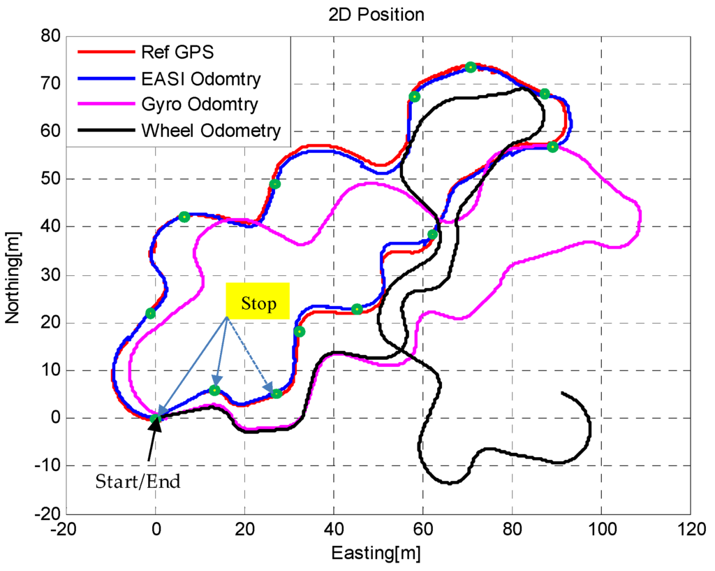 In this work we have calculated the rover position using the traditional wheel-odometry method, gyro-odometry and by combining the wheel encoder data and the output of the EASI algorithm, called EASI-odometry. However, even if we provide accurate attitude estimates, the position error will grow due to errors in the dead reckoning process when using wheel encoder data to get change in position, as given in Equations (20) and (21),
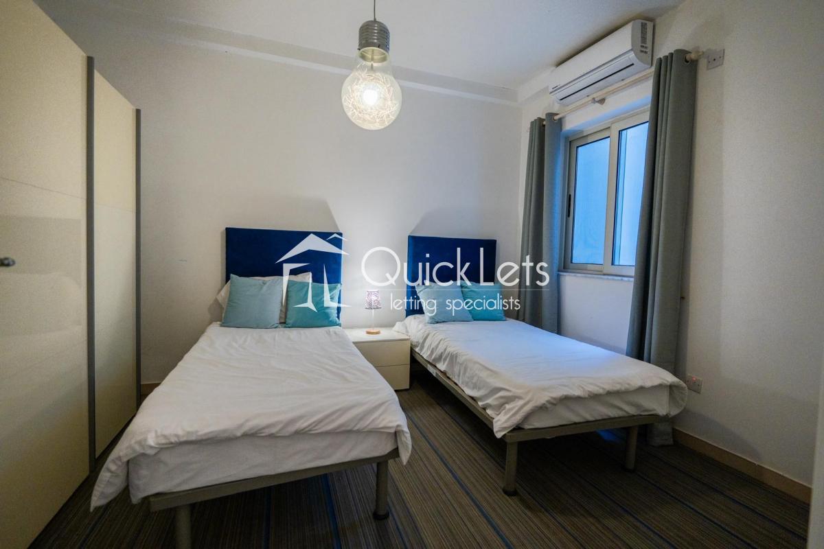 Bright room for rent in Sliema, located in a spacious and well-kept apartment. The room has two single beds, ideal for one person wanting extra space or two people sharing. It is fully furnished, comfortable, and naturally well lit.
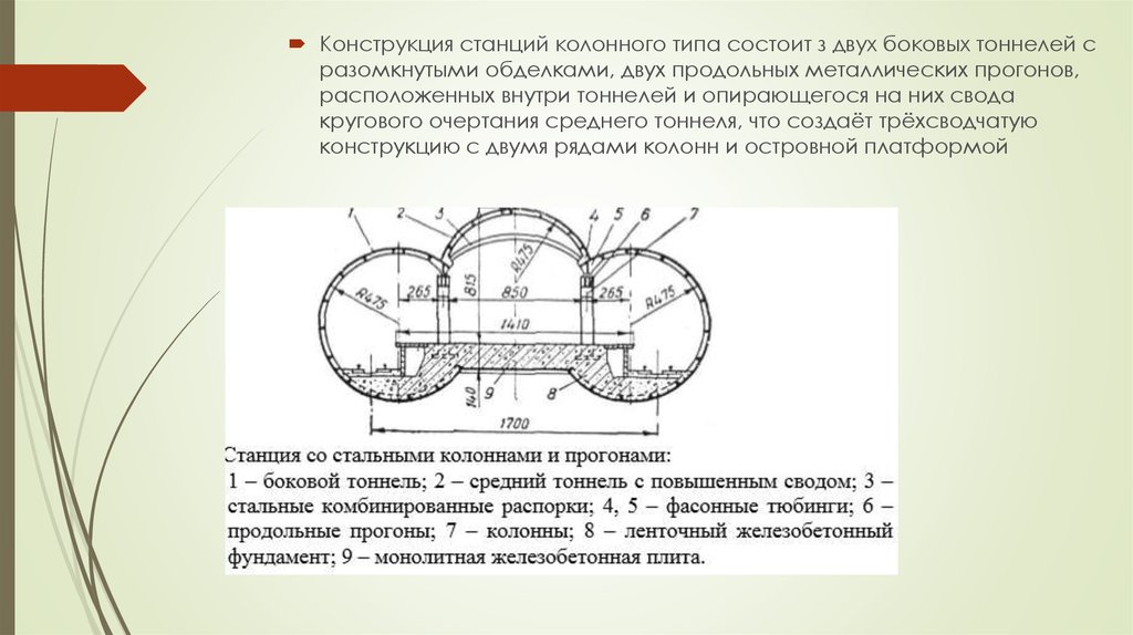 Конструкция станций колонного типа состоит з двух боковых тоннелей сразомкнутыми обделками, двух продольных металлических прогонов,
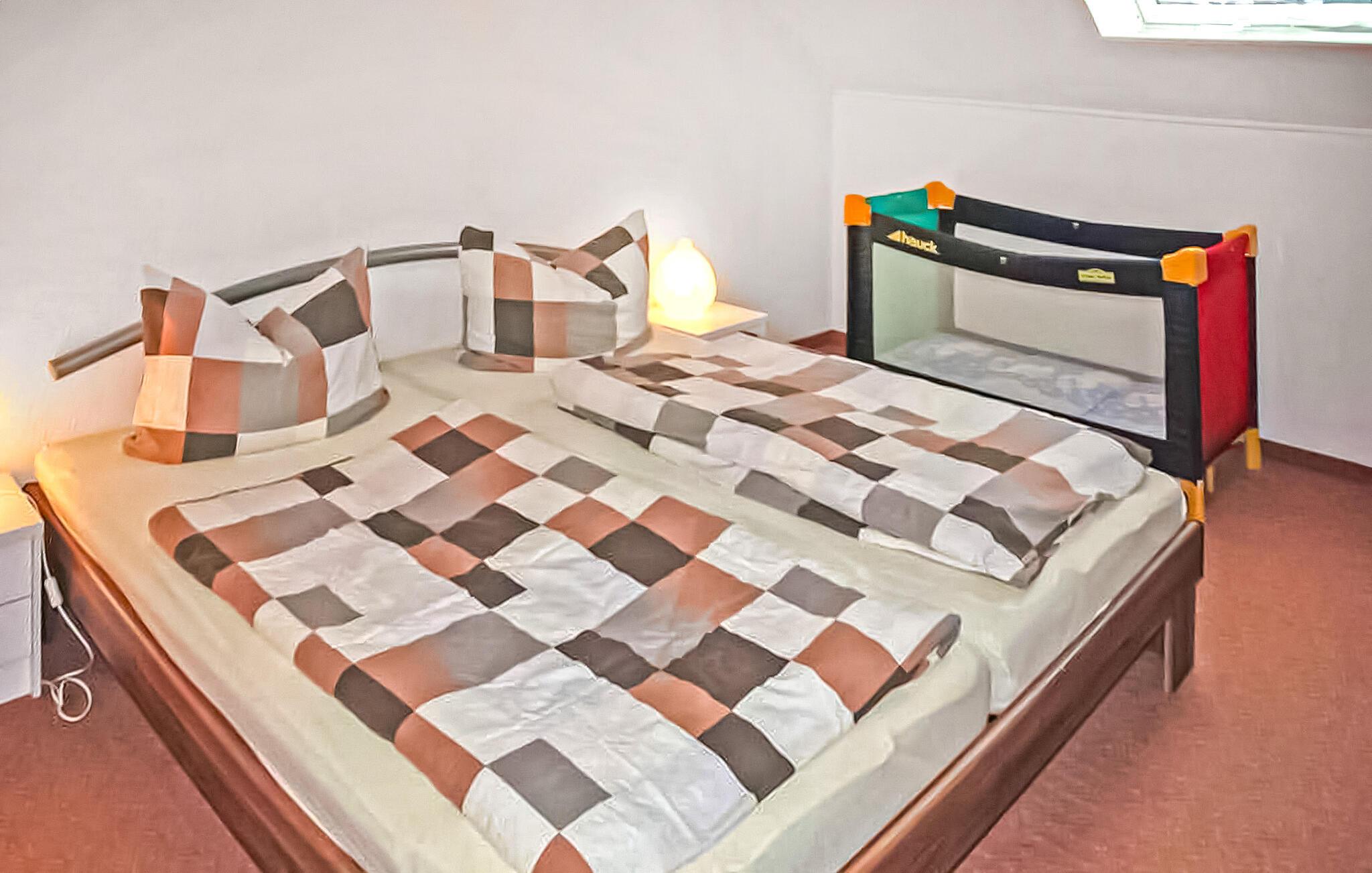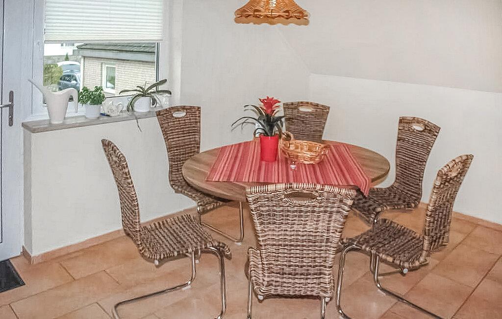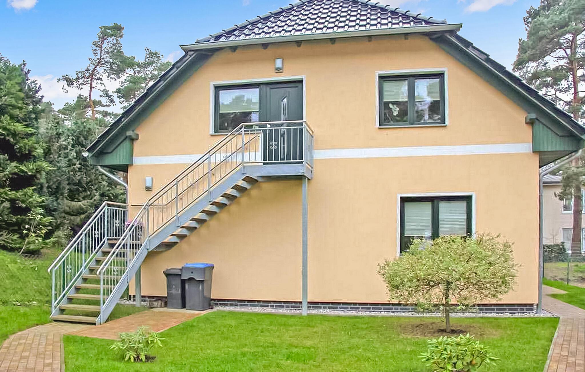 Den rummelige, komfortable lejlighed ligger på øverste etage i en beboelsesejendom tæt på stranden. Adgang via en separat udvendig trappe. Lejligheden har en stue (polstret opholdsområde, stort fladskærms-tv, hi-fi-system), 2 soveværelser (hver med 1 dobbeltseng, 1 soveværelse med en ekstra polstret liggestol, en barneseng, der kan tilføjes), køkken ( spiseplads, komplet tekøkken med el-komfur og opvaskemaskine), badeværelse med bruser/toilet og vaskemaskine, centralvarme. Der er også et udendørs opholdsområde med en grill, et cykelrum, WiFi, en gratis strandstol og en parkeringsplads i carporten. Den samlede pris inkluderer sengelinned, vand- og energiforbrug samt slutrengøring. Håndklæder skal medbringes. Kæledyr er ikke tilladt i denne ejendom. Lubmin er en badeby på Greifswalder Bodden i et smukt skovlandskab. Der er cirka 20 km til hansestaden Greifswald. Byen har en mole med anløbsbro, et moderne sportscenter, en bred sandstrand (også nudist), cykel- og vandcykeludlejning samt forskellige spise- og salgsfaciliteter. Ponyridning og vognture er mulige.
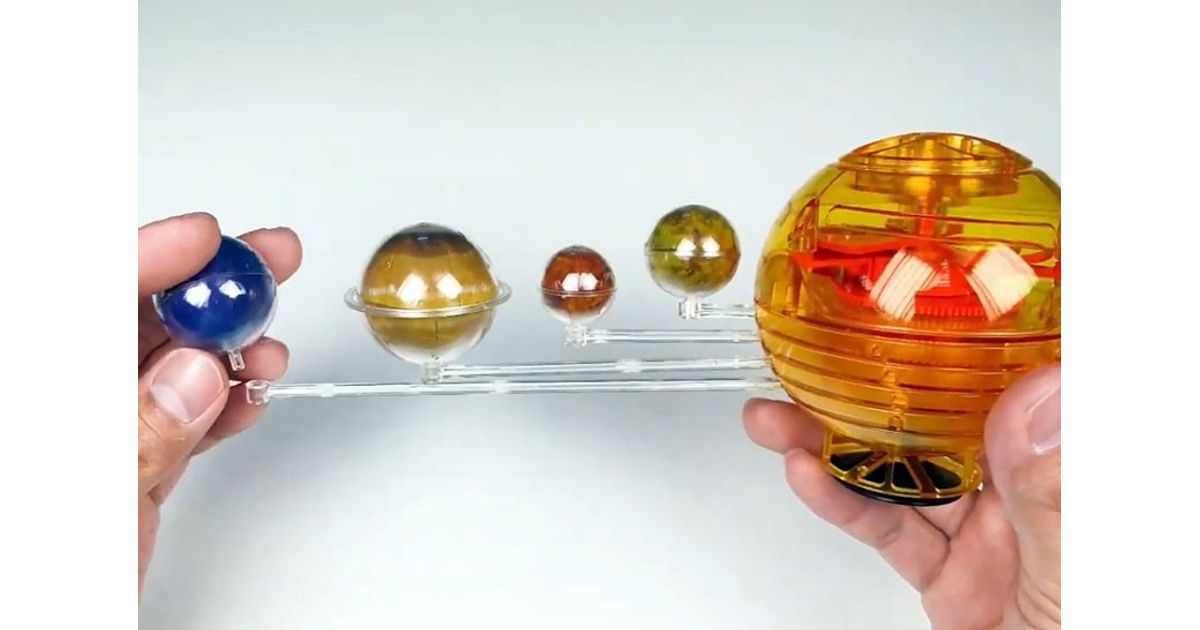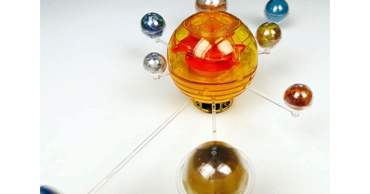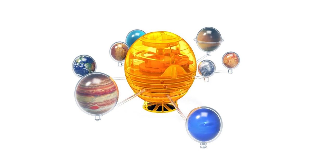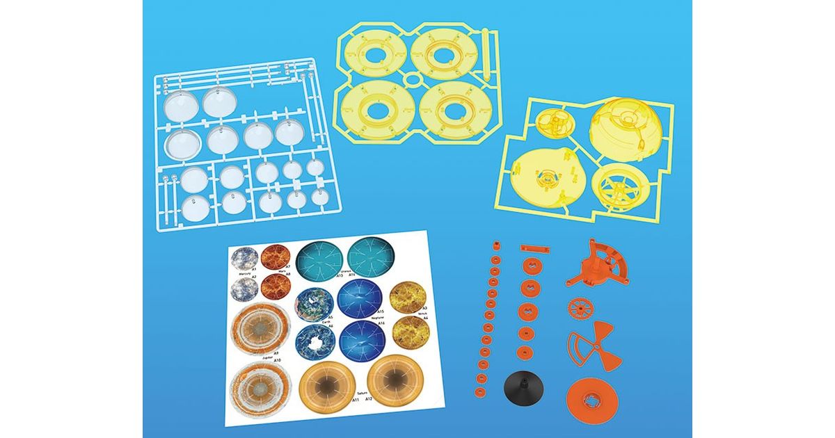Completely devoid of electronics, the planet models revolve around the sun, while looking confusingly similar to the planets of our solar system - no wonder, they are designed with stickers, and Saturn even has its own ring!
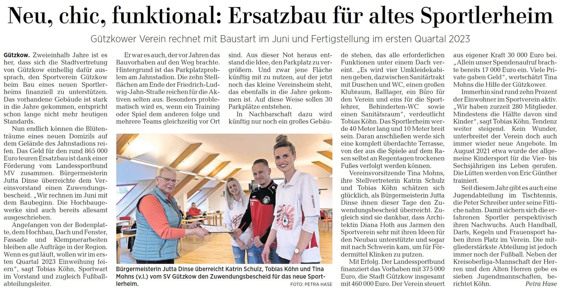 Am 7. April übergab Bürgermeisterin Jutta Dinse einen Zuwendungsbescheid in Höhe von 460.000 Euro an den Vorstand des SV Gützkow.
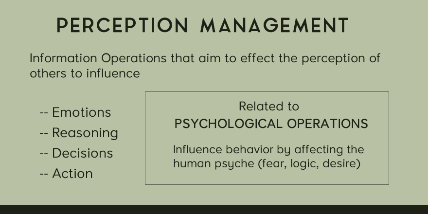 Perception management is a propaganda technique designed to alter the perceptions of a target audience: An essential component of psyops and information warfare.
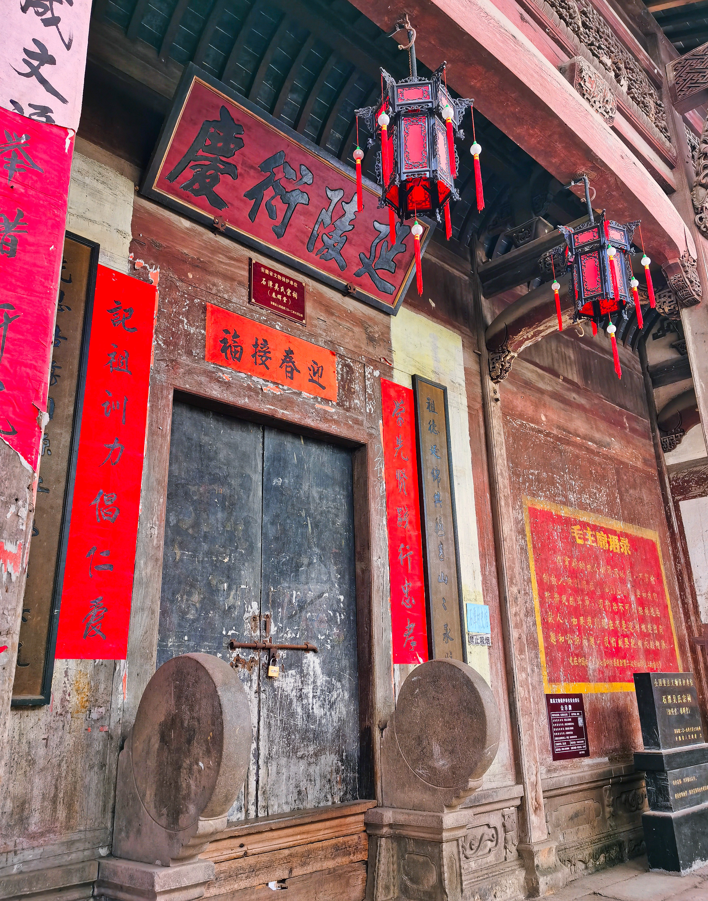 春晖堂,又名“上门祠堂”。首建于明天启元年(1621年)后因遭火灾被焚,于清嘉庆年间(1802年)重修。建筑面积为春晖堂720平方米,立面为三间三进,梁柱结构高大秀颀,后进护栏均用石料。祠前即紫荆堂,其明堂内长年积水不腐,故又名“活水明堂”。 大门上的“毛主席语录” 很有时代的感觉。
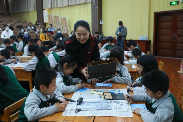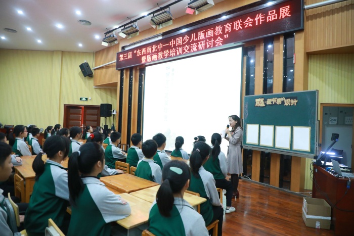 12月25日下午,第三屆“東西南北中·中國少兒版畫教育聯(lián)會作品展暨版畫教學培訓交流研討會”全體參會人員齊聚東區(qū)朗晴小學,開展交流研討活動。
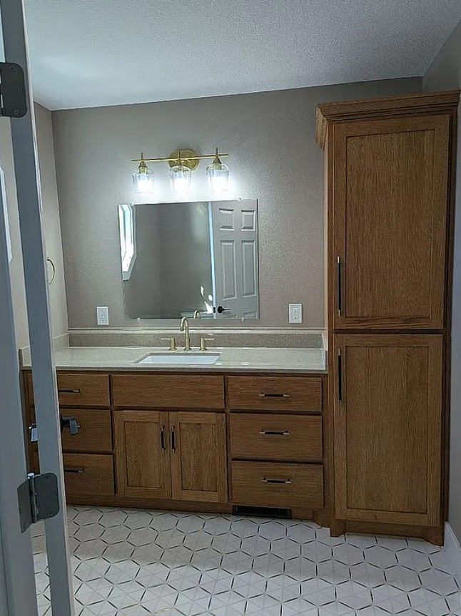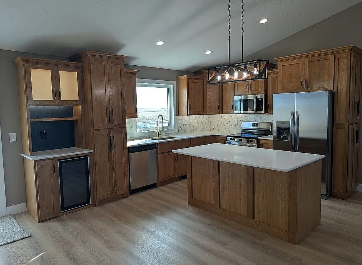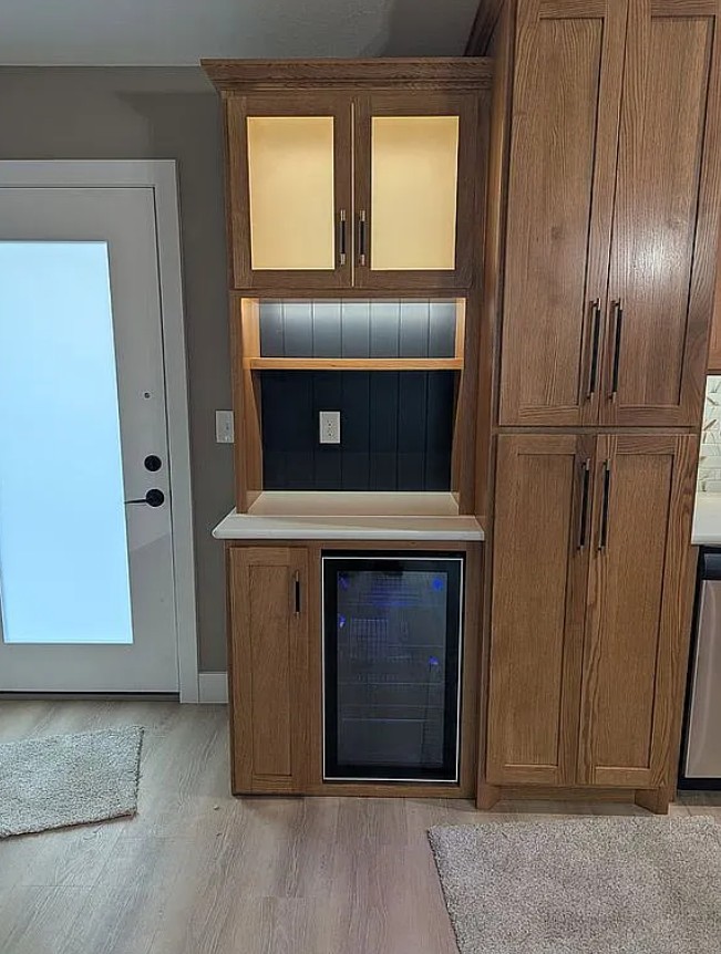 Built by Fox Construction, the home showcases stunning rift-sawn oak custom cabinetry throughout, complemented by quartz countertops, included appliances, and a convenient beverage station in the kitchen.

* * * *

Skip the pictures. Restate exactly the lines from the start of the entries through the line containing "Конструкция станций колонного", both ends included.

[Task result]:
 In this work we have calculated the rover position using the traditional wheel-odometry method, gyro-odometry and by combining the wheel encoder data and the output of the EASI algorithm, called EASI-odometry. However, even if we provide accurate attitude estimates, the position error will grow due to errors in the dead reckoning process when using wheel encoder data to get change in position, as given in Equations (20) and (21),
 Bright room for rent in Sliema, located in a spacious and well-kept apartment. The room has two single beds, ideal for one person wanting extra space or two people sharing. It is fully furnished, comfortable, and naturally well lit.
 Конструкция станций колонного типа состоит з двух боковых тоннелей сразомкнутыми обделками, двух продольных металлических прогонов,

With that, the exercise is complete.